一夜明けて、さて今日はどうしようかな。
オンシーズンの夏であればパフィンを見に行くツアーとか滝を見に行くツアーとか様々なワンデーツアーがあるのだが、生憎とシーンズンオフ真っ盛りなのであまり種類もなく。自転車で島巡り半日コースというのは少し惹かれたが、ここはひとつ自力でどこかに出かけよう。
落差30メートルの海に注ぐ瀧、ソルヴァグスヴァテン湖
朝食を食べてベッドでゴロゴロしながらスマホをいじって探した見どころが、Sorvagsvatnソルヴァグスヴァテン湖。
そしてこの風景に心を鷲掴みにされる。
ロケーションはヴォーアル島の空港隣接、であればここからも近い。
よし今日はここに行こうということで、まずは昨日降り立った空港まで移動。宿からまたバスセンターまで歩いていく。
フェロー諸島全景はこちら、①トーシャウンから②ソルヴァグスヴァテン湖まではここから空港行のバスに乗る。ヴォーアル島までは海底トンネルで事実上の陸続き
バスを待つ間、各島へのフェリーの時刻表など眺める。
このあたりのフェリーに乗って違う街に行ってみることも考えたが、この時刻表ではロスタイムが多すぎる。午後4時には暗くなる冬の日であれば時間は最大限有効に使いたい。とあれこれ考えを巡らしてしまうのも、バケーションタイムに絶対的に恵まれない日本人の悲しき性。
空港行き(Sorvagur行き)バスは9時35分、空港着は10時15分。
空港までの短い道のりでまた風景が目まぐるしく変わる不思議な島
ソルヴァグスヴァテン湖を歩く
案内通り、ソルヴァグスヴァテン湖は空港から10分も歩かないうちに見えてくる。
一時間も歩かないうちに道がなくなる。どうやらここからは滝まではいけないらしい
ルートが違う?しかし湖に沿って歩けばいつかは先端に到達する筈。

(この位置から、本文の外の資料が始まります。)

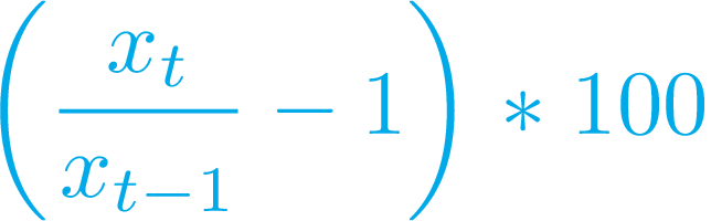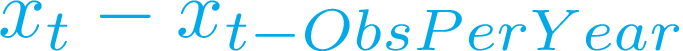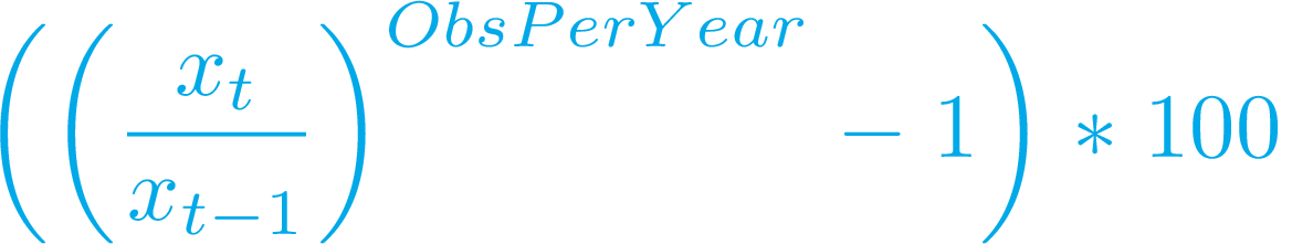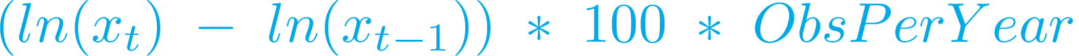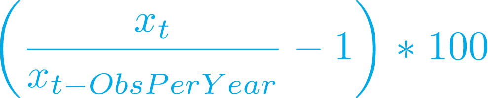 In these formulas, xt stands for the value of the series x at the time period of t; ObsPerYear stands for the number of observations per year. For daily aggregation it's equal to 260 (as no values are recorded on weekends), for annual - 1, monthly -12, quarterly - 4, biweekly - 26, weekly - 52.

という訳で腹をくくって誰もいない湿原を湖に沿ってひたすら歩く
フェロー諸島の低地は比較的気温が高いらしく、途中の小川も凍り付くことなく湖に注ぎ込んでいる。橋も道もないから飛び越えるほかはないのだけれど
ヴォーアル島の氷雨コンボの前にリタイア
と、ここまで来て寒さが耐えがたくなってきた。フォロー諸島独得の気候なのだろうか、氷雨が吹き付け、吹き付けたかと思うと止んで風が吹き、止んだかと思うとまた強い吹雪が吹き付ける。東京では体験したことのないこの果てしなく続く断続的な吹雪と氷雨で全身ずぶ濡れ、体温もモチベーションも限界まで低下してしまう。身体は冷え切り、足元はぬかるみに取られ、そして見渡す限り誰の姿もなく、こんなところで行き倒れはカッコ悪すぎるので体力が残っているうちに引き返すことに決め、しばし雪のソルヴァグスヴァテン湖畔に佇む。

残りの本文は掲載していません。